We support women like Lasuben and Ayeshaben, a garment worker turned health worker. She first joined the cooperative movement without being able to read or write but is now a key member of a healthcare cooperative that disseminates information on sexual-reproductive health and provides COVID-19 relief. We have provided community health kits and food boxes to self-employed women leaders, as well as teleconsultations with doctors and counsellors in half a dozen different languages.
At the same time, we must look to the future, given the structural obstacles facing informal women workers in India. Unfortunately, the pandemic has added to several labour-market changes already underway that disadvantage women, including a shift to greater mechanization of farm and construction work, which has traditionally been done by hand by women.
The pandemic has also exposed a growing digital divide in society. This division needs to be addressed as a priority if the accelerated shift towards online working is not to exclude millions of workers without the skills or resources to participate.
Yet despite these problems, there are also opportunities for women microentrepreneurs and female-owned collective enterprises to tap into, if they receive the right support. Examples include artisans who have switched to making protective face masks; a health cooperative producing Ayurvedic medicines that is now supplying hand sanitizers and immune system boosters; and catering businesses that are providing tiffin (packed meal) deliveries for isolating individuals and families.

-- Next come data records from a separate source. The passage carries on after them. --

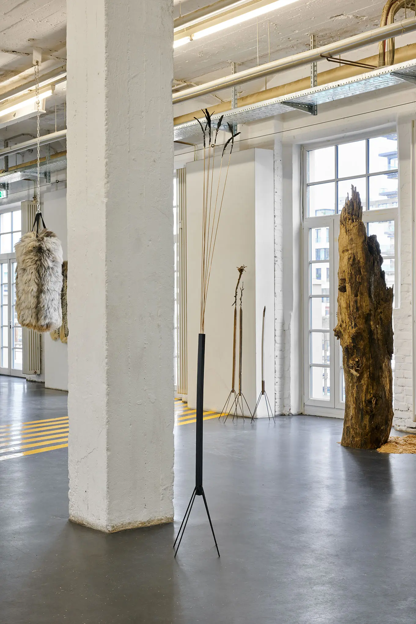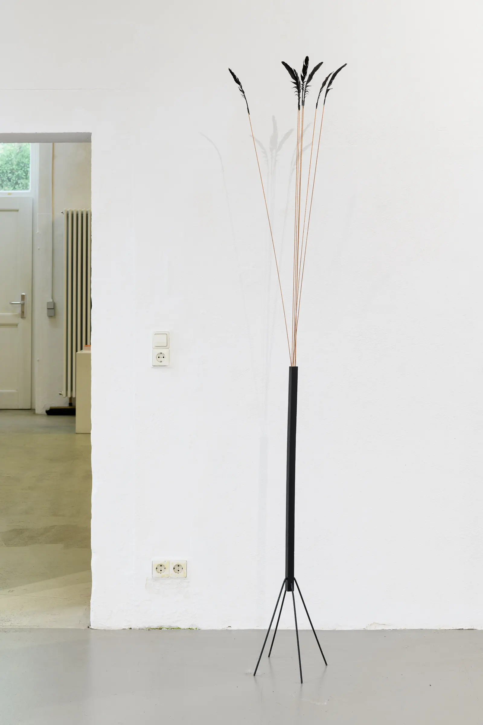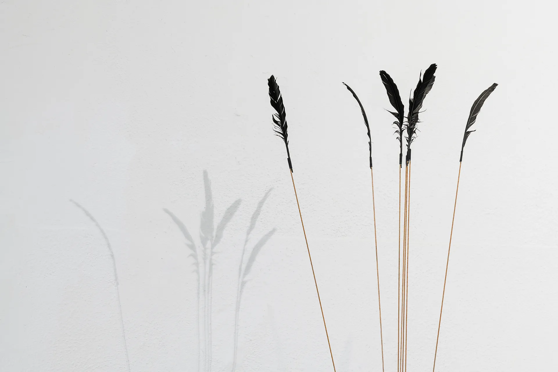 7 Krähenfedern, Kupferstäbe, Holz, schwarzer Lack, Tusche, Schrumpfschlauch
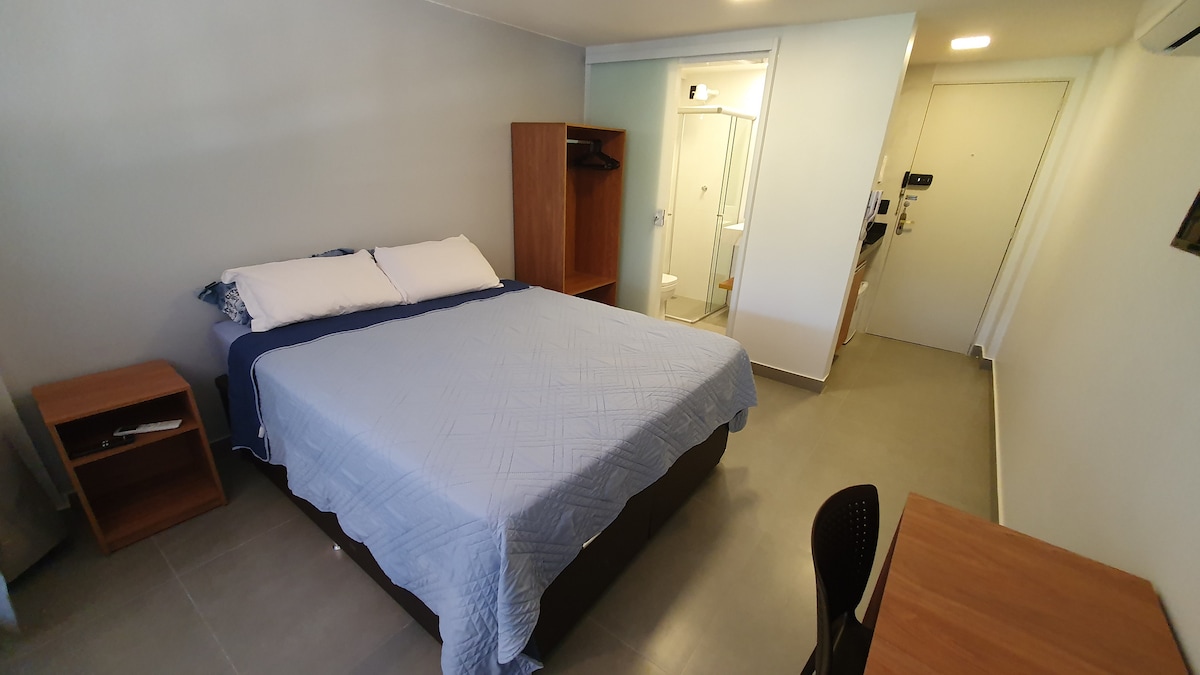 Студия расположена по адресу CLN 213, на Asa Norte, с Wi-Fi Fibra(300 Мбит/с) , холодильником , двуспальной кроватью размера Queen size, кондиционером, микроволновой печью, феном, стиральной и сушильной машиной, эспрессо-машиной, эспрессо (Nespresso), плитой с 2 ртами с багажником. Жилье расположено в регионе, где есть рынок, тренажерный зал, кафе, мороженое, пиццерия, пекарни, пекарни и всевозможные рестораны. Рядом с парком Olhos Dágua, одним из лучших кортов Северной Асы.
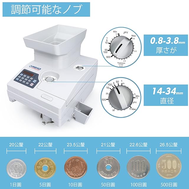 米国、カナダ、日本元、その他の外国のコインとトークンの厚さが0.8〜3.8mm以内、直径が14〜34mm以内のすべてをカウントできます。カウント速度:2300コイン/分(直径15mm、厚さ1mmのコインの場合)
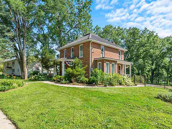 Be the envy of all who visit, and live inside this beautifully renovated historical home! Or, you can own this Bed and Breakfast if you would like it use the historical home for that purpose. Either way, you will own a gorgeous piece of history! This home is as much rich in history as it is in charm! Each room has its own personal characteristics and special "something", whether it is the old red brick walls or polished wood from a century farm house. From the sprawling front porch to the firepit patio off the walk out back yard, you have so much space inside and outside to enjoy. The kitchen has custom painted cabinetry, convection oven and drawered dishwasher and new refrigerator (2021). This home was also once a Bed and Breakfast, so each room has its own half bath! The lower level bedroom could easily be converted to a very cool wine room off of the patio, with its all brick, rounded, walk in closet.. which would make a perfect wine cellar! This oversized lot is loaded with gorgeous landscaping and has a fenced in area. New windows, metal roof, paint, custom walls, lighting, updated kitchen, tankless water heater, new furnace and air (2023) and more. Oversized two stall garage and a large driveway complete with turn around area. This home is perfectly located nearby walking trails, nature park, and easy walk to downtown main

We must now build on these successes to help women’s enterprises explore new strategies and provide them with the right training, digital tools and working capital to succeed – whether they are based in cities or the countryside.
Specific ideas include connecting farmers with consumers of their vegetables in local cities via WhatsApp, opening a direct marketing link that cuts out middlemen, or supporting a city-based cooperative to establish a deep-cleaning business for offices to meet today’s more stringent requirements.
One thing is clear: the informal sector plays a pivotal role in the Indian economy – accounting for 55% of GDP – and big business, government and society at large must do more to ensure that its workers receive a fair deal. This ultimately means universal health care, as well as social protections like childcare, insurance and pensions.
The vulnerability of millions of informal sector women workers has been cruelly exposed by the pandemic. But with the right decentralized approach, re-building from the local upwards, we can build a better future for them, their families and their enterprises.